Deep Learning for Image Reconstruction in Electrical Tomography: A Review
Yong Li, Q. Zhu, Ze Liu
Abstract
Electrical tomography (ET) has emerged as a safe and real-time imaging technology for decades due to its fast, noninvasive, and radiation-free characteristics. By reconstructing the spatial distribution or dynamic changes in the electrical properties of target regions, ET finds broad applications in nondestructive testing, industrial process monitoring, and biomedical research. Recent advancements in deep learning have significantly enhanced the accuracy, efficiency, and robustness of ET image reconstruction, particularly in electrical impedance tomography (EIT), electrical capacitance tomography (ECT), and electromagnetic tomography (EMT).

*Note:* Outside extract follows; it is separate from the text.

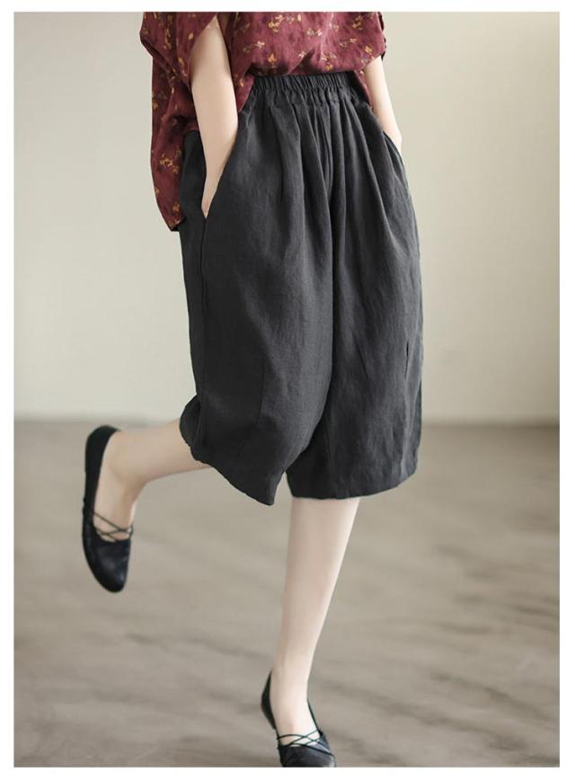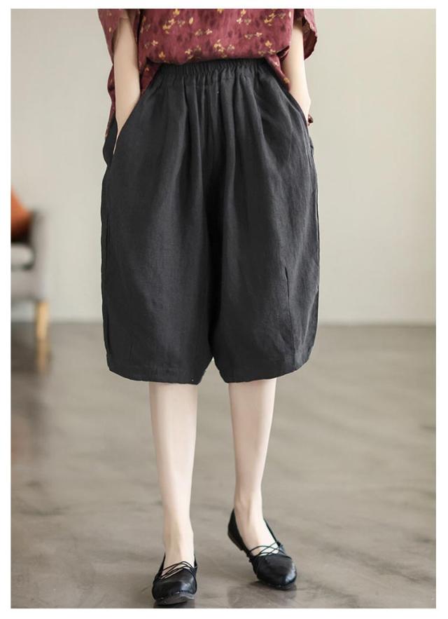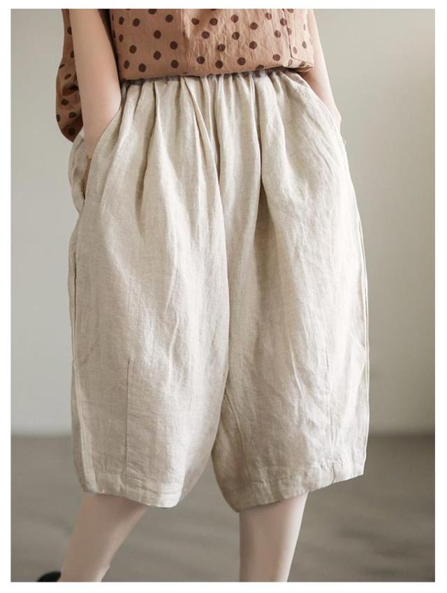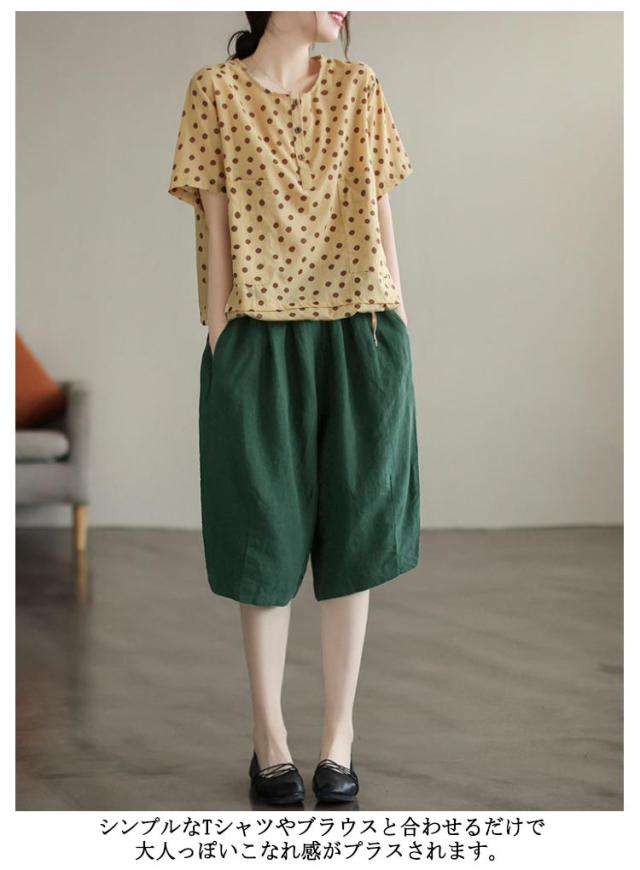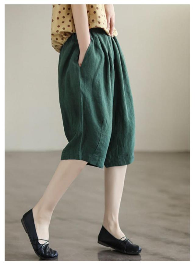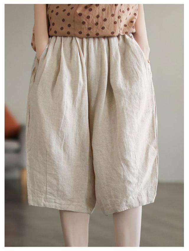 夏 レディース ショートパンツ 綿麻 ナチュラル 薄手 体型カバー 部屋着 大人 ウエストゴム おしゃれ パンツ 短パン 薄手 カジュアル ボトムス ひざ丈 無地 シンプル おしゃれ 女性 通勤 ポケット付き ゆったり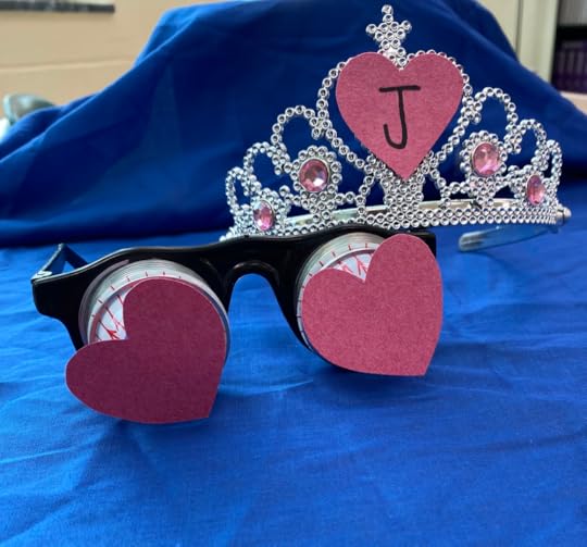 Today he portrayed Juliet, which was equally amusing. Decked out in a wig, a tiara, and heart glasses, Mr. Great-With-Accents stood on a desk (it was the balcony scene, after all) and managed a British accent in a high-pitched voice. It was wonderful!

Despite the growing interest, challenges persist in handling the ill-posed nature of ET imaging, especially for EMT, which remains underexplored compared to EIT and ECT. This review delves into the fundamental principles of ET and surveys recent progress in deep learning-driven approaches. We focus on two key paradigms: direct reconstruction networks (data-driven) and hybrid frameworks that integrate deep learning with classical algorithms (image-driven). The discussion highlights emerging trends, including multimodal ET integration, dataset optimization, and the design of advanced neural architectures tailored for ET-specific constraints. This study underscores the potential of deep learning to redefine ET systems, paving the way for more intelligent, versatile, and accurate imaging solutions.